Single by Lazza featuring Takagi & Ketra

from the album Sirio
- Released: 15 April 2022
- Length: 3:42
- Label: Island
- Songwriters: Jacopo Lazzarini; Davide Petrella; Alessandro Merli; Fabio Clemente;
- Producer: Takagi & Ketra

Lazza singles chronology
| "Molotov" (2022) | "Panico" (2022) | "Tre di cuori" (2022) |

Takagi & Ketra singles chronology
| "Shimmy Shimmy" (2021) | "Panico" (2022) | "Bubble" (2022) |

Music video
- "Panico" on YouTube

= Panico (song) =

2022 song by Lazza

"Panico" is a song co-written and recorded by Italian rapper Lazza. It was released by Island Records on 15 April 2022 as the third single of his third studio album Sirio.

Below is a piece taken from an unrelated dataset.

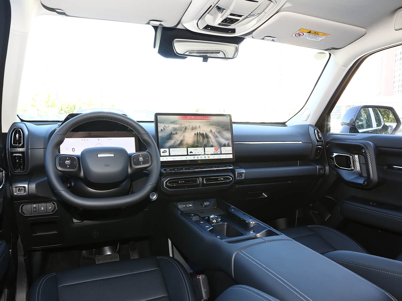进入车内,内饰空间是哈弗大狗PLUS实现可城可野理念的核心载体,通过山野会客厅的设计哲学,将硬派功能性与家居舒适性完美融合。中控台采用14.6英寸悬浮式防眩光屏与10.25英寸全液晶仪表的组合,配合新一代Coffee OS 3系统,支持3D模型桌面、越野信息界面等个性化显示方向盘采用双辐D形设计,集成怀挡换挡机构,为中控岛台释放出50W无线快充空间,而保留的物理按键则确保越野场景下的盲操可靠性。座椅采用云柔舒享填充物,配备靠背+坐垫双吸风式三挡通风系统,实测高温环境下可快速降温,配合仿皮材质与记忆电动调节功能,兼顾长途舒适性与越野支撑性。空间布局上,2810mm轴距带来同级领先的腿部空间,后排座椅支持比例放倒,后备厢容积可从常规的483L扩展至1738L,满足户外装备装载需求。
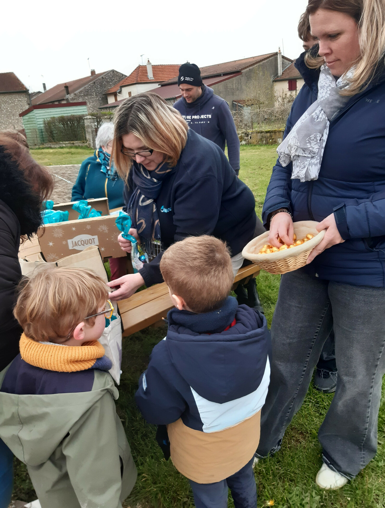 Pour terminer, chaque enfant a reçu un paquet de chocolats. Parents et enfants ont partagé le goûter préparé par les bénévoles du Comité des fêtes. Merci à tous.

It was written by Lazza with co-writing contribution by Davide Petrella and produced by the duo Takagi & Ketra. The song peaked at number 2 on the Italian singles chart and was certified quintuple platinum in Italy.

==Music video==
A music video of "Panico", directed by Giulio Rosati, was released on 9 June 2022 via Lazza's YouTube channel.

==Charts==
===Weekly charts===

Weekly chart performance for "Panico"
| Chart (2022) | Peak position |
|---|---|
| Italy (FIMI) | 2 |

===Year-end charts===

2022 year-end chart performance for "Panico"
| Chart (2022) | Position |
|---|---|
| Italy (FIMI) | 23 |

2023 year-end chart performance for "Panico"
| Chart (2023) | Position |
|---|---|
| Italy (FIMI) | 29 |

==Certifications==

| Region | Certification | Certified units/sales |
| Italy (FIMI) | 6× Platinum | 600,000^{‡} |
^{‡} Sales+streaming figures based on certification alone.